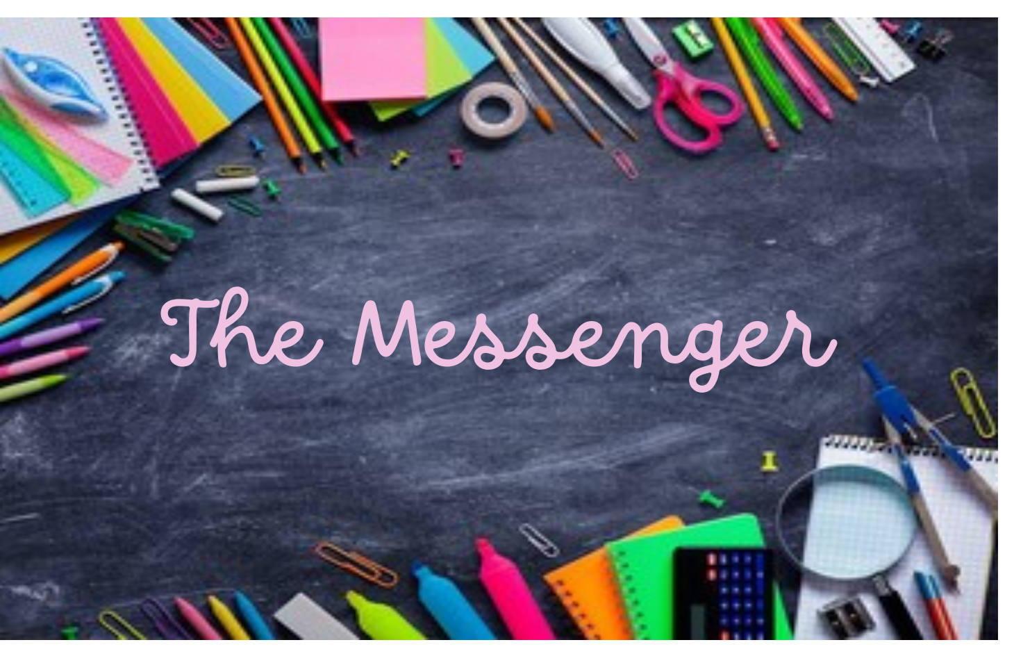
MONTHLY NEWSLETTER OF GROVE PARK BAPTIST CHURCH | AUGUST 2024

"Do you ever think about death?" It's a question that is often posed by a fictitious social media personality in response to some outrageous revelation in the news. I generally find it quite amusing when I read it, but recently after reading it I snuck down a different rabbit trail. I probably give more time to thinking about death than most folks because of the nature of my position being around those who are sick and facing death. Yet, I began to wonder if I properly acknowledge death as I should. For instance, is the outrage that I offer about death moving into things I cherish misplaced or warranted? I am often outraged and aflutter about issues that seem spiraling towards death, and for the sake of argument here I'll use ACC expansion in sports, that in the grand scheme of things truly do not matter. Please hear me, I am not saying that these are unimportant things. I am confident that anyone who grew up on Tobacco Road and listened to Thacker and Packer call games have multiple cherished memories. However, when viewed in light of the thousands of children every day across our world who are dying from malnourishment or gun violence and we are silent about it, are all outrages whether they be personal, ecclesial, cultural, or political match this level of importance?
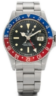
Lot 221: Rolex GMT II "Pepsi" Ref. 1675 | Radial dial Result: €22,500

The limited Big Pilot edition Le Petit Prince (lot 341) from the renowned Swiss watch brand IWC Schaffhausen came from a private collection in North Rhine-Westphalia. Its proceeds go to a good cause. The watch, which was inspired by Antoine de Saint-Exupéry's famous book The Little Prince , was acquired for a total of 31,500 euros by a live online bidder from Switzerland.
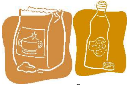
five cups of brown sugar, two cups of white vinegar

Below are the steps for making spiced peaches. Write a detail sentence for each picture below.
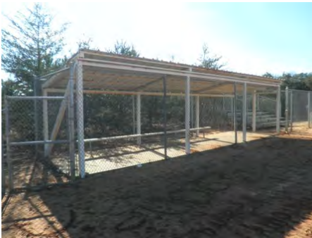
24-Jan-2011 North Elevation

Current Repair Cost: $0.00 Replacement Cost: $16,950.37 FCI: 0.00%
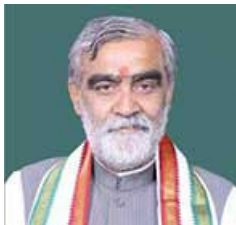
SHRI ASHWINI KUMAR CHOUBEY HON'BLE MINISTER OF STATE

Website Content Managed by Ministry of Health and Family Welfare | GOI Designed, Developed and Hosted by National Informatics Centre( NIC )
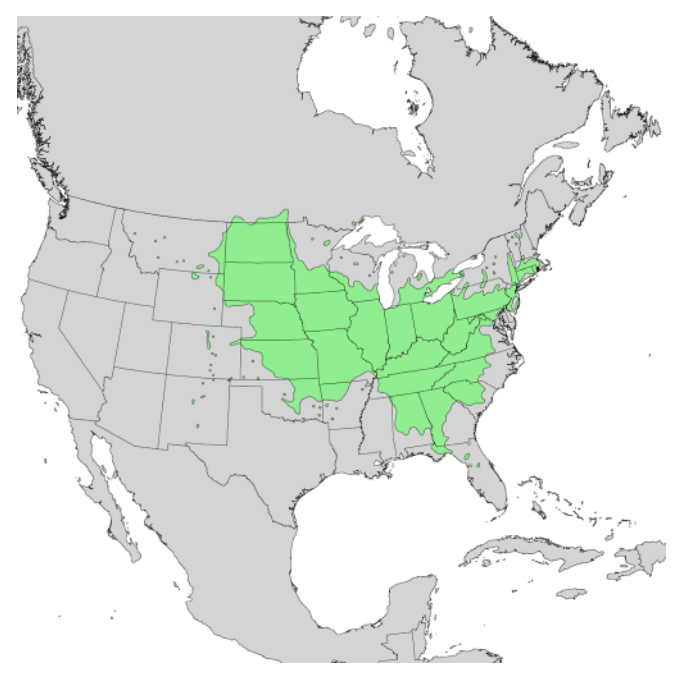
Fig. 2: American plum native range map. Data: Little (1971). Map: United States Geological Survey (USGS)

From March to May, showy, white flowers with 5 petals appear in clusters at the ends of branchlets (Fig. 3). Flowers are 1 inch (in) or 2.54 centimeters (cm) across, with long stamens that give them a hair-like appearance. Simple, oval to elliptical leaves are 3 - 4 in (7.6 - 10 cm) long, the edges of the leaves are shaped like a saw's teeth (serrated), have a pointed tip, and are green on the leaf surface and paler green below (Stevens & Kaiser, 2000). Leaves emerge off the branch in an alternate arrangement. The round plum fruits (drupe) are about 1-inch in diameter with yellow to reddish-purple flesh that contains one seed (pit). Plums ripen throughout the summer. When the plant is young, the bark is smooth and reddish gray with numerous horizontal lenticels, which appear as light-colored slits in the bark that vary from 1/8 in to 1/2 in long. As the plant matures, the bark develops irregular ridges and exfoliating strips that curl. The reddish-brown twigs are slender and have raised leaf scars and reddish-grey, sharp-pointed buds. Branches may develop thorn-like short branches.
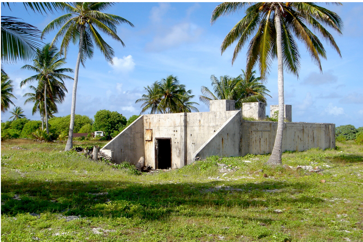
Bikini Atoll Nuclear Test Site Marshall Islands. (UNESCO)

The human and environmental consequences were catastrophic. During the filming of my documentary, The Coming War on China , I chartered a small aircraft and flew to Bikini Atoll in the Marshalls. It was here that the United States exploded the world’s first Hydrogen Bomb. It remains poisoned earth. My shoes registered “unsafe” on my Geiger counter. Palm trees stood in unworldly formations. There were no birds.
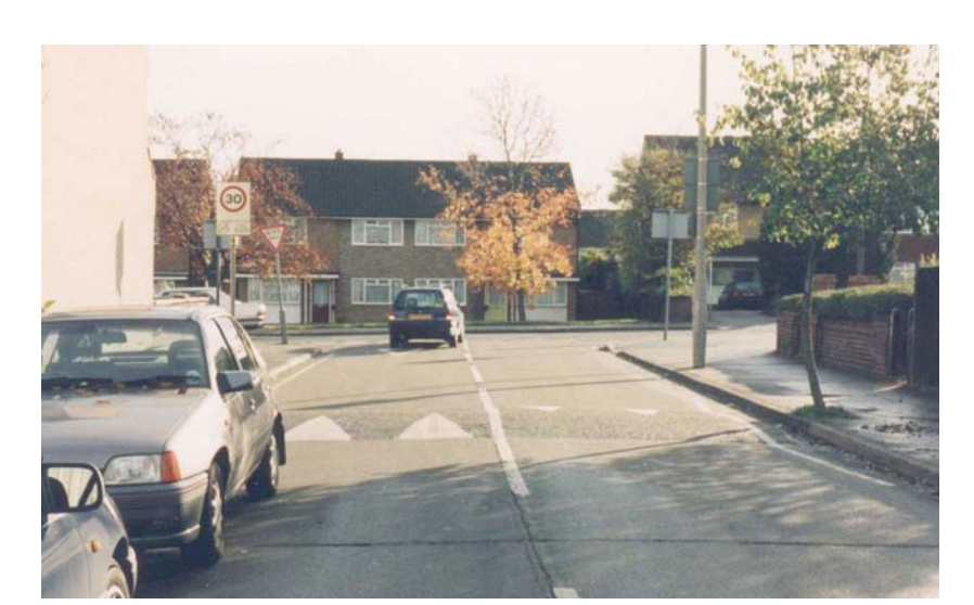
Fig 2.5b Signing on exit from the 20 mph zone
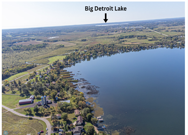
Big Detroit Lake
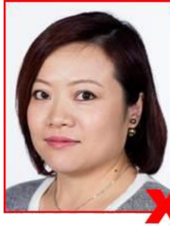
Side on to camera
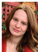
Thea Ridland College or University Scholarship, $1,000
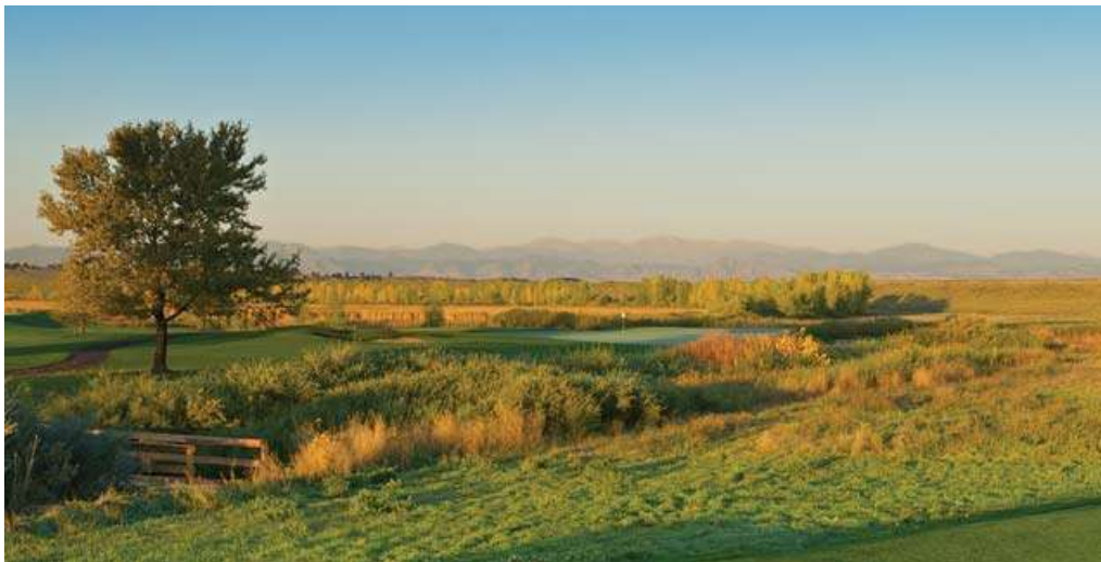
Spring-like weather makes it tempting to hit the CommonGround Golf Course nearby in Aurora
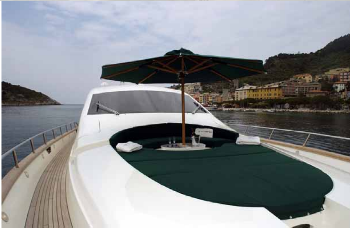
Bow dining Sun bathing area
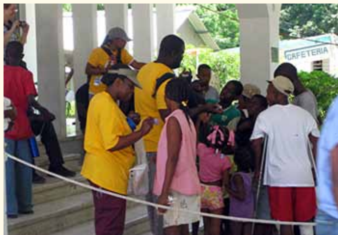
The medical missionaries spend time interacting with the Haitians during their visit.

at the hospital, they were skilled to provide direct physician and nursing care to patients in the emergency room, progressive care unit, and mother/baby facility. The east wing of the hospital, serving as the PACU (Post Anesthesia Care Unit) and ICU (Intensive Care Unit), utilized many of the nurses in the team. On the grounds of the hospital and the university, Universite’ Adventiste d’Haiti, people received distribution bags filled with items of daily care and living, which included toothbrushes, toothpaste, soap, combs, washcloths, and diapers. Volunteer staff meetings were held each morning and evening under the direction of Loma Linda University’s Global Health Institute representative Andrew Haglund. Volunteers worked nearly 12-hour days or nights, and for those volunteers of Haitian decent, the day may have led into almost 14 to 16
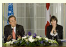
Ban Ki-moon and Swiss President Calmy-Ray.

The Compact is a five-year national plan that includes benchmarks and mutual commitments from both Iraq and the international community, all with the aim of helping Iraq
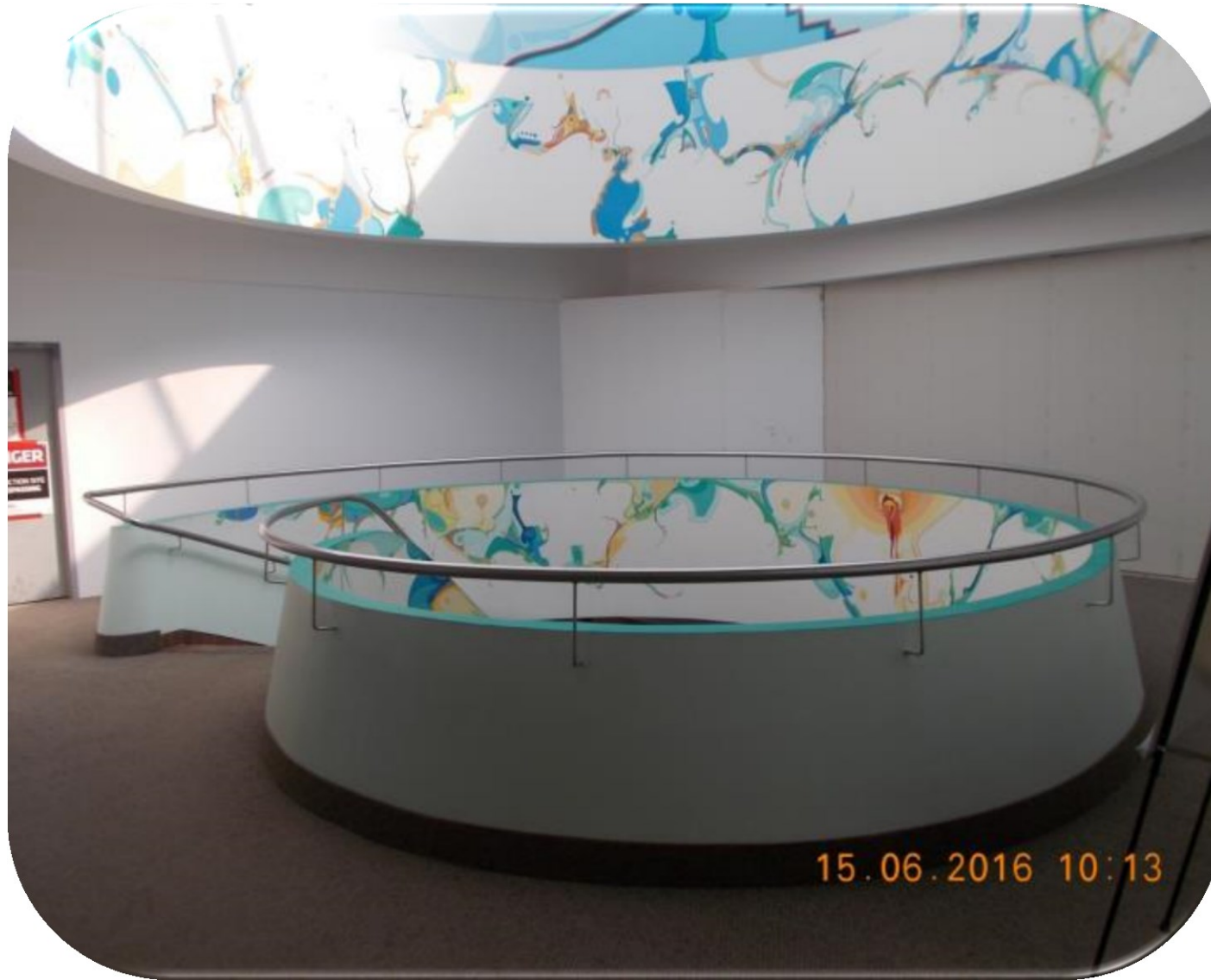
Current interior of facility
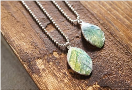
Completed piece (Left)
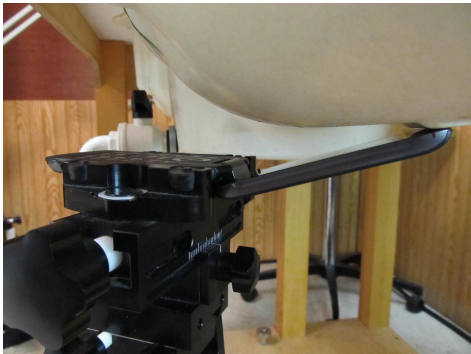
Figure 9E.2 Phone against the head (Left Tilt position)
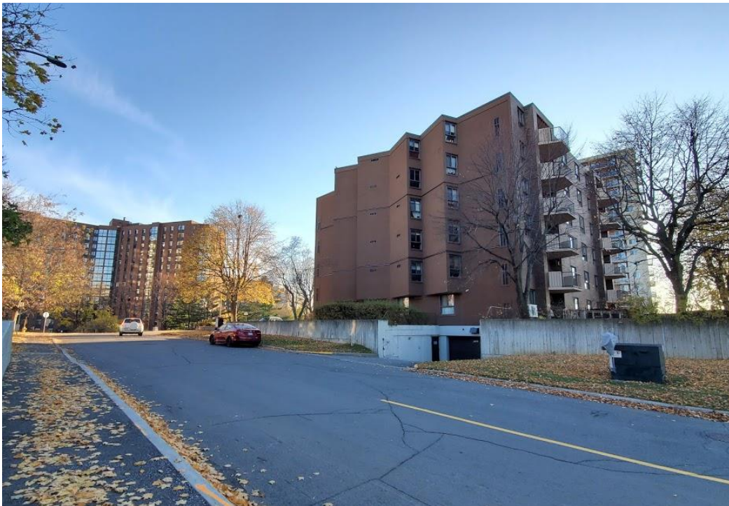
Photo 4: View of the apartment building at 2850 Carling Avenue from the west side of Judge Street
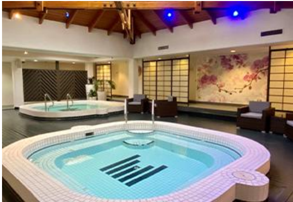
Located within the hotel, the newly refurbished health and wellness spa offers facials, massages, body treatments, and wading pools for a relaxing retreat.

“Our in-house spa, Zazu lounge bar, and Nikau restaurant come together to deliver a cohesive, upscale offering that strengthens our ability to provide the warm, welcoming stays we are known for,” Whiston concluded.
○ ○ ○ ○
# Task description
Find every line in the records above that contains the word "like", and copy each one.

# Reply to the exercise
From March to May, showy, white flowers with 5 petals appear in clusters at the ends of branchlets (Fig. 3). Flowers are 1 inch (in) or 2.54 centimeters (cm) across, with long stamens that give them a hair-like appearance. Simple, oval to elliptical leaves are 3 - 4 in (7.6 - 10 cm) long, the edges of the leaves are shaped like a saw's teeth (serrated), have a pointed tip, and are green on the leaf surface and paler green below (Stevens & Kaiser, 2000). Leaves emerge off the branch in an alternate arrangement. The round plum fruits (drupe) are about 1-inch in diameter with yellow to reddish-purple flesh that contains one seed (pit). Plums ripen throughout the summer. When the plant is young, the bark is smooth and reddish gray with numerous horizontal lenticels, which appear as light-colored slits in the bark that vary from 1/8 in to 1/2 in long. As the plant matures, the bark develops irregular ridges and exfoliating strips that curl. The reddish-brown twigs are slender and have raised leaf scars and reddish-grey, sharp-pointed buds. Branches may develop thorn-like short branches.
Spring-like weather makes it tempting to hit the CommonGround Golf Course nearby in Aurora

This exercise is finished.